Residui del verde urbano, una preziosa risorsa

I sottoprodotti derivanti dalla manutenzione di parchi e giardini delle città italiane possono dar luogo a ingenti quantitativi di biomassa, in grado di soddisfare i fabbisogni energetici per decine di migliaia di famiglie. Il susseguirsi di normative non coerenti fra loro, che hanno attribuito nel tempo a questi residui differenti definizioni e quindi differenti procedure di gestione impedisce un efficace impiego degli stessi come materia prima combustibile

di Matteo Monni
aprile - maggio 2018 | Back

Sembra proprio che le cose semplici non esistano o meglio che per liberarle dalla loro effettiva complessità occorra molta sapienza. Un caso esemplare ci viene dalla vicenda del verde urbano.
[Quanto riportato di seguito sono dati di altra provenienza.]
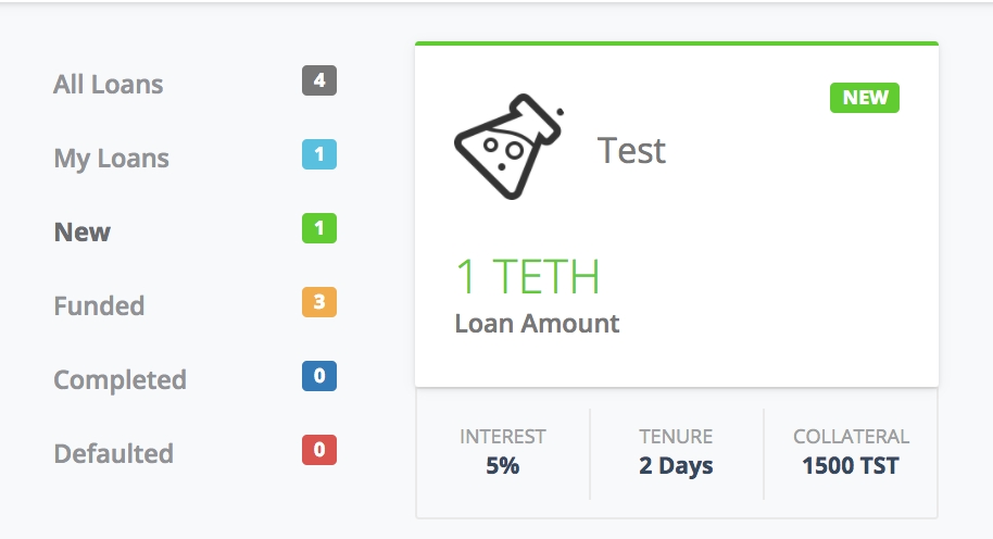 Go to the New loans section and select the loan offer that you want to fund based on the premium, collateral token type and the tenure offered.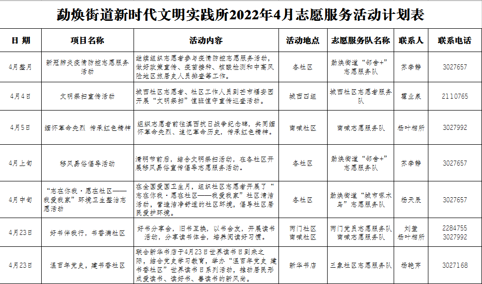 勐焕街道新时代文明实践所2022年4月志愿服务活动计划表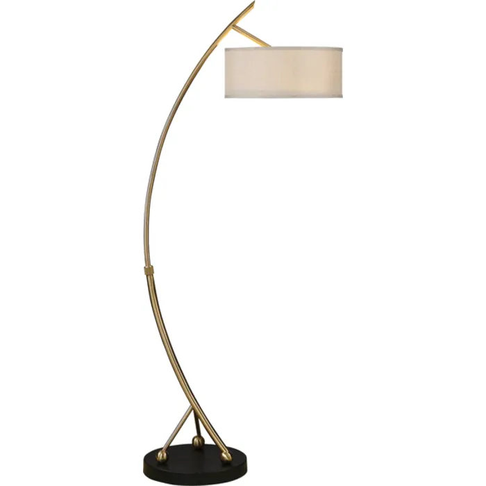 Curved metal finished in a plated brushed brass accented with a rust black foot. The base allows for adjustable height. The round hardback drum shade is a rust beige linen fabric.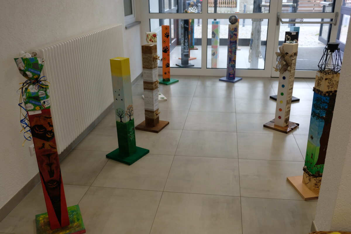 Es sind echte Hingucker in jedem Garten, für jede Terrasse und für jede Wohnung, ein Blickfang aus Holz, 90 Zentimeter hoch und robust genug, auch Wind und Wetter standzuhalten – Skulpturen, bei denen die Kinder aus Speinshart und weit über die Gemeindegrenzen hinaus ihre originellen Ideen verwirklichen konnten. Die Roh-Stelen aus massivem Kantholz mit Bodenplatten, vorgeschnitten von der Zimmerei Neukam in Zettlitz, von Hand bemalt, Unikate mit einem Hauch von Fantasie und Humor, bringen Farbe in die Häuser und Gärten.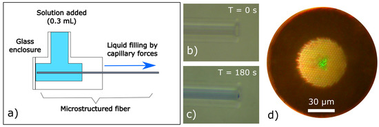 - Nielsen, K.; Noordegraaf, D.; Sørensen, T.; Bjarklev, A.; Hansen, T.P. Selective filling of photonic crystal fibres. J. Opt. A Pure Appl. Opt. 2005, 7, L13–L20. [Google Scholar] [CrossRef]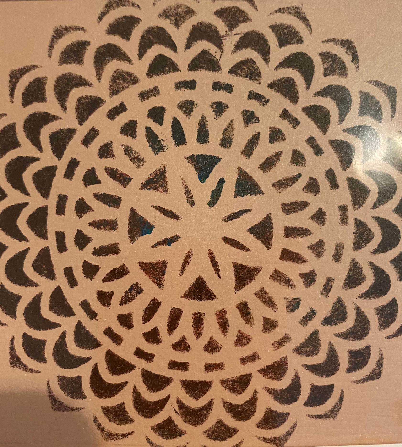 Mandala-Gold Brown, Acrylic Stencil Print with mat and backboard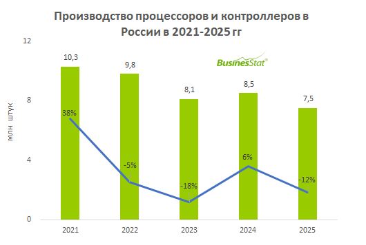 В 2025 г выпуск процессоров и контроллеров в России сократился на 12% в годовом выражении, составив 7,5 млн штук.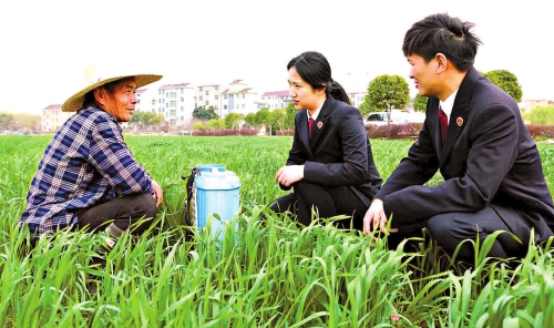 3月12日,在“3·15”国际消费者权益日来临之际,浙江省东阳市检察院干警来到该市种粮大户的小麦种植基地,走访了解春耕备耕情况,并结合该院近期办结的一起制售假农药案件开展普法宣传。 本报全媒体记者龚婵婵 通讯员吴爱晶 邓俊摄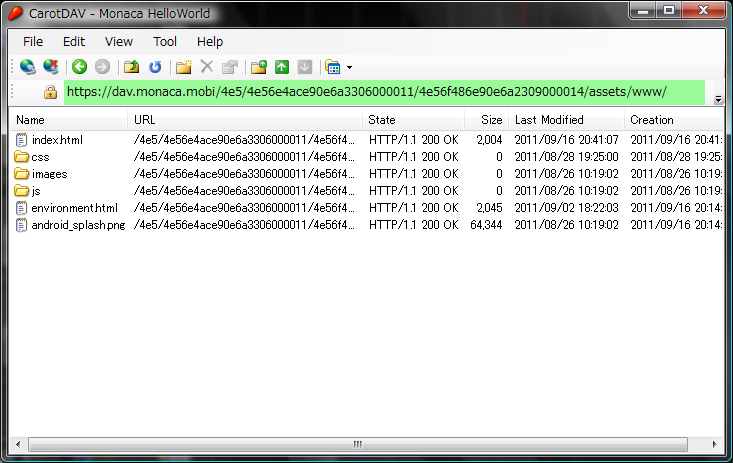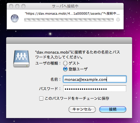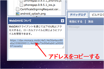 Monaca ドキュメント: リモートフォルダ (WebDAV) を利用する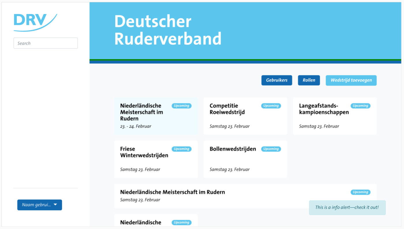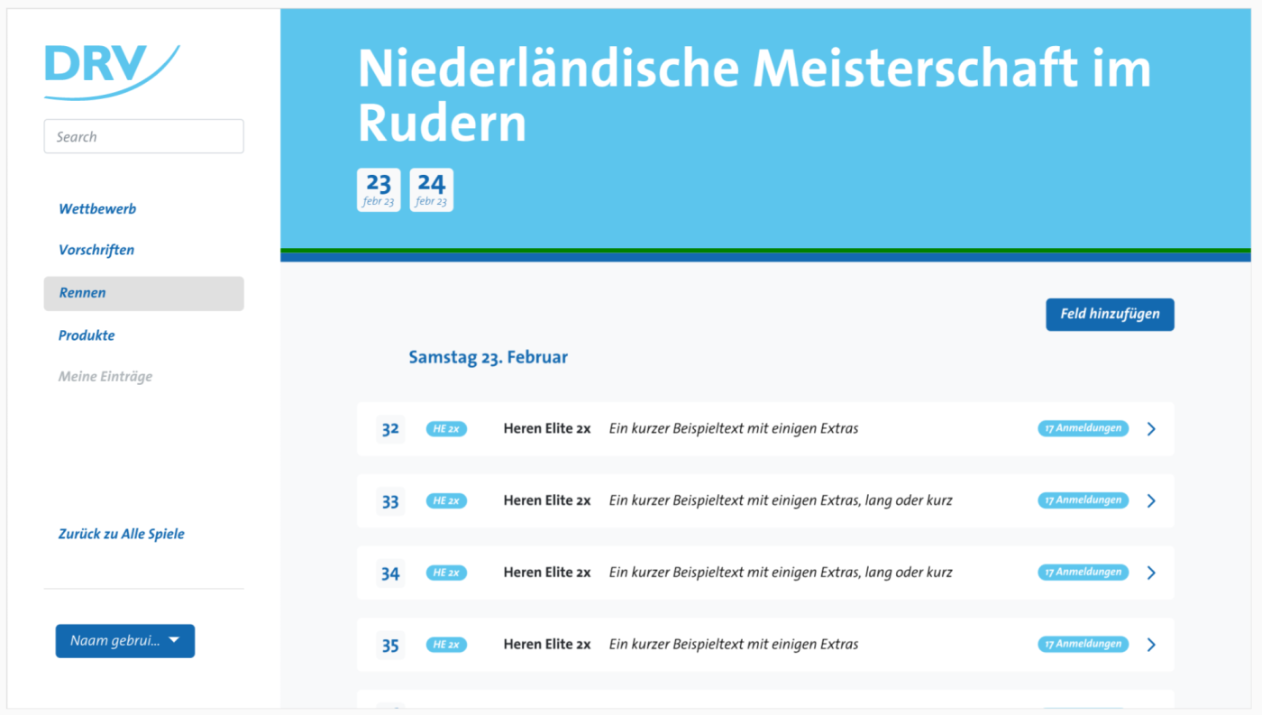 Im Pflichtenheft des neuen Meldeportals standen wichtige Funktionen wie moderne Benutzerführung, automatisches “responsives” Design, automatische Zahlungsabwicklung, Verwaltung von Um-/Nach-/Abmeldungen sowie Meldungen von Nicht-DRV-Mitgliedern wie ausländische Teilnehmer, Schülerruderer, Hochschul-Ruderer oder auch Cross-Fit-Teilnehmer etc.
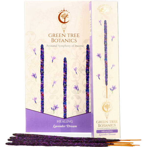 Laat je meevoeren door de rustgevende geur van Green Tree Botanics Healing Lavender Dream. Deze natuurlijke, handgerolde wierook combineert de kalmerende kracht van lavendel met helende kruiden en harsen. Het resultaat is een zachte, harmonieuze geur die spanning loslaat en je omhult met innerlijke rust en welzijn.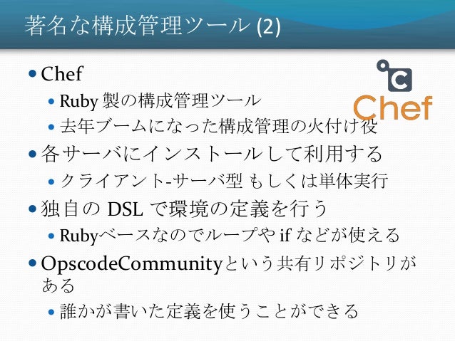15. 15. 著名な構成管理ツール (2)  Chef  Ruby 製の構成管理ツール  去年ブームになった構成管理の火付け役  各サーバにインストールして利用する  クライアント-サーバ型 もしくは単体実行  独自の DSL で環境の定義を行う  Rubyベースなのでループや if などが使える  OpscodeCommunityという共有リポジトリが ある  誰かが書いた定義を使うことができる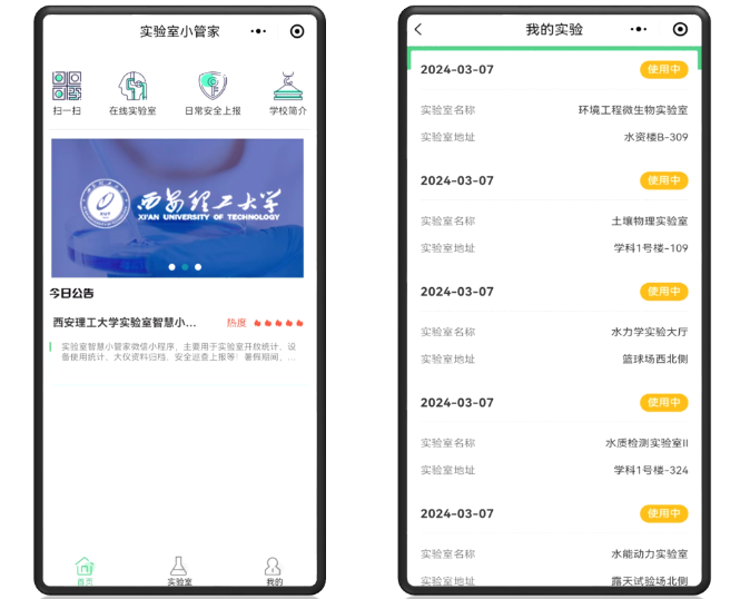 为进一步加强和规范实验室管理工作,304永利集团官网入口发布了《304永利集团官网入口关于规范实验室微信小程序管理和加强实验室门禁系统管理的通知》,开发了“实验室小管家”微信小程序,提升信息化水平,推进实验室开放及大型仪器共享,强化学生安全责任意识,保障实验室正常有序运行。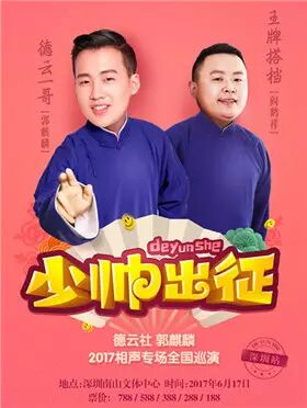 2017郭麒麟、阎鹤祥这对当红组合将首次举办相声专场全国巡演。此次相声专场全国巡演主题定为“少帅出征”,寓意经过数年演艺磨砺的郭麒麟,如今已经成熟能够独当一面。作为90后的他,誓要靠实力开拓出德云社一片新的疆域,为相声艺术注入新的活力!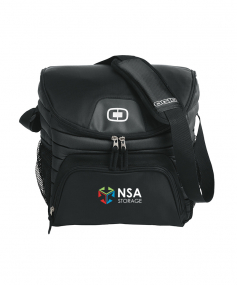 600D poly/420D diamond Dobby/PEVA lining. Adjustable, padded shoulder strap. Front zippered pocket. Dual side beverage/accessory holsters. Zippered, insulated main compartment holds 18-24 twelve Oz. cans. Capacity: 1,200 cubic in./19.6L Weight: 1.05 lbs./0.48kg. 11" H x 11.5" W x 8.5" H.

Immaginando un parco monumentale, un giardino o un viale alberato dei tanti che arredano le nostre città, a tutto ci verrebbe di pensare fuorché ad una “discarica”. Dalla manutenzione di questi luoghi derivano invece, ogni anno, circa due milioni di tonnellate di residui tra sfalci e potature che, se non intercettate per impieghi virtuosi, possono finire in discarica con gravi ripercussioni in termini di costi economici ed ambientali.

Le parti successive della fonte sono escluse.